Tomorrow peas will go in the ground, and scallions too, small seeds an offering to the dark mother, and a promise of good things to come. The sacred contract renewed again each year. I plant and pray, she feeds me. As she feeds all beings, last year the slugs ate much more rutabaga then I did, and the cabbages were ripe game as well. I am under no delusion that it is all for me. I’ll take my share and be satisfied. Earth care, People care, Fair share…right?

This morning I put the peas in a water bath to soak, small round brown seeds, tumbling into my hand and then through my fingers. The soft sound they make as they roll into the glass bowl, a cascade, rough and rhythmic, a husky sound, solid. The gratitude I feel for these ones was so present with me. These ones who will grow and feed me, send strong white roots down into the cool earth and then green shoots up, reaching, always reaching for the sun. Flowers will come and then the sweet tender pods, tendrils of green wrapping and grasping, pulling their way upwards on anything they can claim and hold.

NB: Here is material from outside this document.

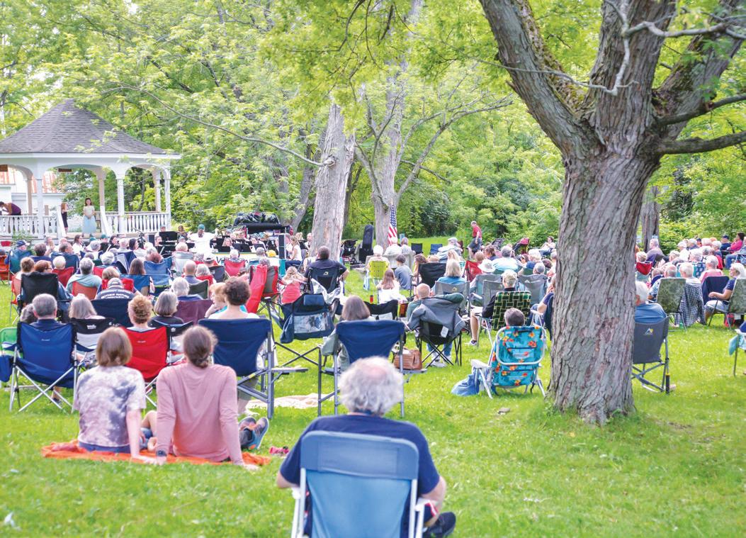 ABOVE: Jen Reardon Brown checks out a selection of books with Library Trustee Ann Park at Williston’s Dorothy Alling Memorial Library’s annual Fourth of July book sale. ABOVE RIGHT: Folks check out the titles available at the fundraising sale. BELOW: Tables of books are for sale in the Dorothy Alling Memorial Library annual Fourth of July fundraiser. BELOW RIGHT: David Horn sings ‘The Teddy Bears’ Picnic’ at Williston’s annual Fourth of July Ice Cream Social and Town Band concert. The singing of the tune — with a melody written by John Walter Bratton in 1907 and lyrics later added in 1932 by Jimmy Kennedy — is a Williston Independence Day tradition.

That I could, for a moment hold this majesty of life in my own hands! A call to honor them rose in my throat and I spoke. A prayer and a promise, we are indebted to each other, bound.  Remember to feed the ones that feed you.
I may not recall word for word the prayer that arose from my heart to these good seeds today, but the flavor of it is in my mouth and heart.

Dear ones…
So we have arrived again, here together
you small and brown in my hand
may you grow strong and tall
may the light kiss softly on your face
may your roots run deep and your vines be hardy
I know you will grow abundantly!
I will care well for you
give you strong support to climb on
I will cherish you and love you
watch you climb in your spiral dance with awe
as I eat you, you will become me
life for life, nothing is free
we belong now to one another
grow well my dears
a promise I will make to you
some of your young will live and go to seed
seed I will save and hold all coming winter in good place
until again next year, I will plant
plant your daughters in this fertile land
thank you!
I await our spring and summer together with great joy!

This is ceremony, learning to be with the ones that feed me. This is the way I believe we should be with each other. Aware of all that is given and received. I, in my own small way am learning….
Learning what? to be human, to respect, to see the grace that holds me up. The same grace the holds the peas in their soft beds of earth.